In most of my 20s, I evoke shots in chemistry. If we were kidding, if we spoke to us all night, if there was that electrical and inexplicable pull, I thought it had to average something. And sometimes it did. But more often, it meant I was wiped out at high prices and ignored everything else. I mistook the excitement as alignment and appeal to intention. I stayed too long in a situation where it looked like love, but lacked the foundation to nurture it.
One of the gifts of intentional dating is to learn to feel the difference. Compatibility is safe, stable and mutually felt. It builds slowly and does not depend on the number of butterflies you get in the first hour. Lately, I’ve been paying more attention to the green flag. Does this person ask a follow-up question? Do they appear emotionally available or simply emotionally clear? Are they interested in my life beyond how I make them feel? The more you root yourself in what you want in your partner, the easier it is to move away from inconsistent chemistry.
The most important relationship is still the relationship with yourself
The fundamental integrity with men begins with me and fundamental integrity.
The intentional date brought me closer to others, but more importantly, it brought me closer to myself. The more I practiced showing clarity and self-esteem, the more I realized when something was not feeling well, even though it looked better on paper.
I’m not very interested in whether someone chose me or not, and I’m more interested in how I feel in their presence. Do you want to shrink or soften it? Do I feel like I am or less? Such self-awareness does not come from a momentary realization. It comes from paying attention again and again.
At the end of the day, dating isn’t just about finding someone else. It’s about choosing to stay fixed on who you are. Every time I said what I meant, I risked being misunderstood in the name of being genuine, leaving when I hadn’t seen them, or being misunderstood in the name of being authentic. That’s the relationship I am most committed to protecting. And, the funny thing is, when you deal with your own mind with such care, it becomes much easier to recognize when someone else is ready to do the same thing.

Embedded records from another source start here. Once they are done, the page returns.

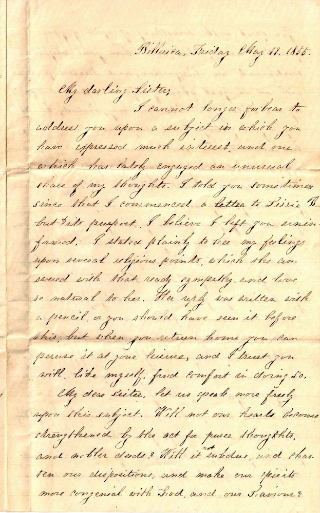 Abby [Abbie] to Allie (Miss Albinia Jaquith), May 18, 1855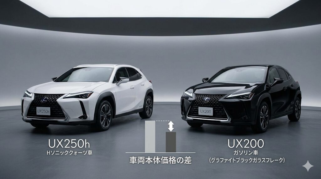 新車販売時の価格設定を振り返ってみると、同じグレード同士で比較した場合、ハイブリッドのUX250hとガソリンのUX200の間には、おおよそ35万円から40万円程度の価格差がありました。これはハイブリッドシステムという高度な技術と、駆動用バッテリーを搭載しているためのコストです。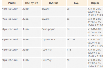 У середу, 29 листопада, «Львівобленерго» знеструмило до 17:00 для безпечного проведення ремонтних робіт: у Галицькому районі – будинки №№257-267 на вулиці Зеленій, у Залізничному районі – вулиці Квітки-Основ’яненка та Орельську й будинки №№36-50 на вулиці Братів Міхновських №1, №3 та №5 на вулиці Комарова, №№1-7 (непарні) на вулиці Самарській, №2, №4, №6, №8, №11, №15 та №23 на вулиці Сяйво й №73, №75, №77, №81, №83 та №83а на вулиці Темницьких, у Франківському районі – вулиці Айвазовського, Веделя, Виноградну, Емінеску, Жемчужникова, Кобринської, Маївського та Урожайну й будинки №№26, №28, №№47-51 (непарні) на вулиці Бойчука, №№3-31, Боткіна, №187 та №195 на вулиці Городоцькій, №№1-18 на вулиці Грабянки, №№42-50 (непарні) Княгині Ольги, №№38-40 на вулиці Кобилиці, №4 та №6, на вулиці Любінській, №3, №11 та №№46-50 на вулиці Музики й №№1-14 на вулиці Шкрібляків, у Шевченківському районі – вулиці Братню, Заміську, Космічну, Очаківську й Шкіряну та будинки №№18-28 на вулиці Збоїща, у Винниках – вулиці Декабристів, Загороддя, Кармелюка, Молодіжну й будинки №№23-45 та №№18-50 на вулиці Сагайдачного. Про це повідомили в прес-службі «Львівобленерго»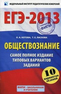 | Полное название книги | О. А. Котова ЕГЭ-2013. Обществознание. Самое полное издание типовых вариантов заданий. 10 вар |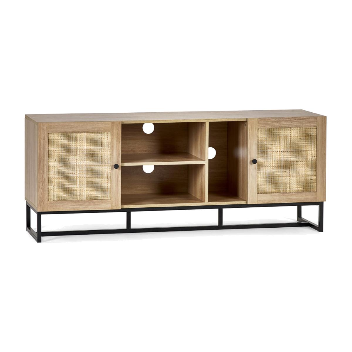 Fusing modern construction with retro design elements, the Naturo collection will exquisitely complement any styled home. The natural rattan fronts and industrial-style base collaborate perfectly to leave a warm yet chic aesthetic in your home. This range includes a bedside, 3 drawer chest, 6 drawer chest, wardrobe, coffee table, TV unit, sideboard, and tall bookcase. Also available in a black finish. Dimensions: H: 60 x W: 150 x D: 40 cm Materials: Melamine With Rattan Front & Metal Base Assembly Required:Yes Care Instructions:Wipe with a clean damp cloth. Avoid household cleaners & abrasives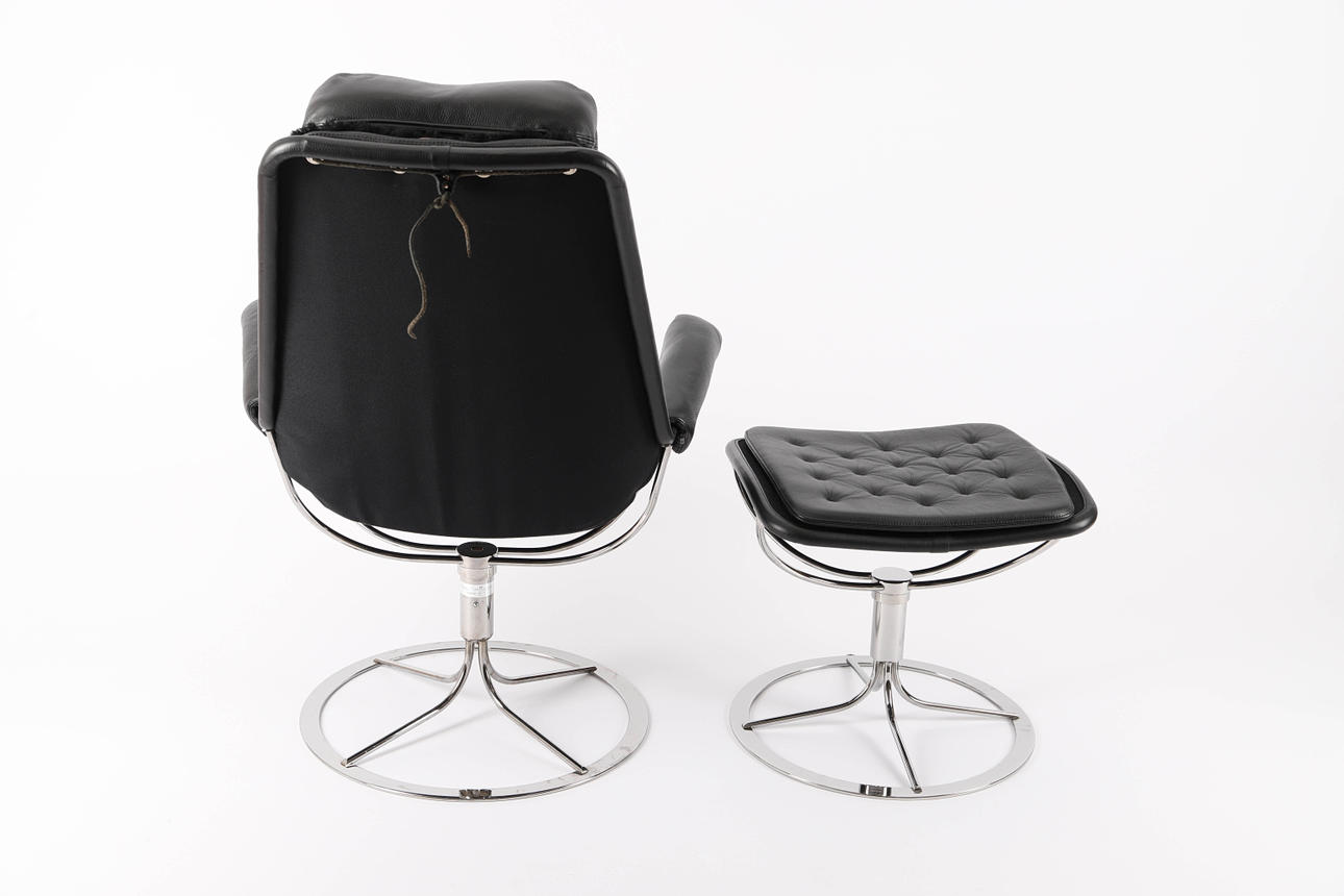 Passender Fußhocker, gekennzeichnet mit Bruno Mathsson International.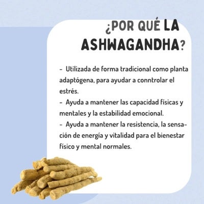La ashwagandha, una planta tradicional de la medicina ayurvédica, ayuda a mantener la resistencia, la sensación de energía y vitalidad y el bienestar físico y mental normales. La ashwagandha ayuda a mantener la estabilidad emocional normal. Ayuda a mantener las capacidad físicas y mentales en condiciones normales y la función mental.

Final Note: A deliberate date taught me
The more I respect what I really want, the less I felt the need to play. Deliberate dating hasn’t made me stricter. It made me softer, more curious, more open to the kind of love that didn’t require persuasiveness or distortion. It taught me that clarity is not the enemy of romance. It is the soil that the actual connections grow.
The truth is that being honest does not scare the righteous person. And even if that’s the case? It’s valuable information you have. The goal is not to be chosen, so choose yourself first and then see who will meet you.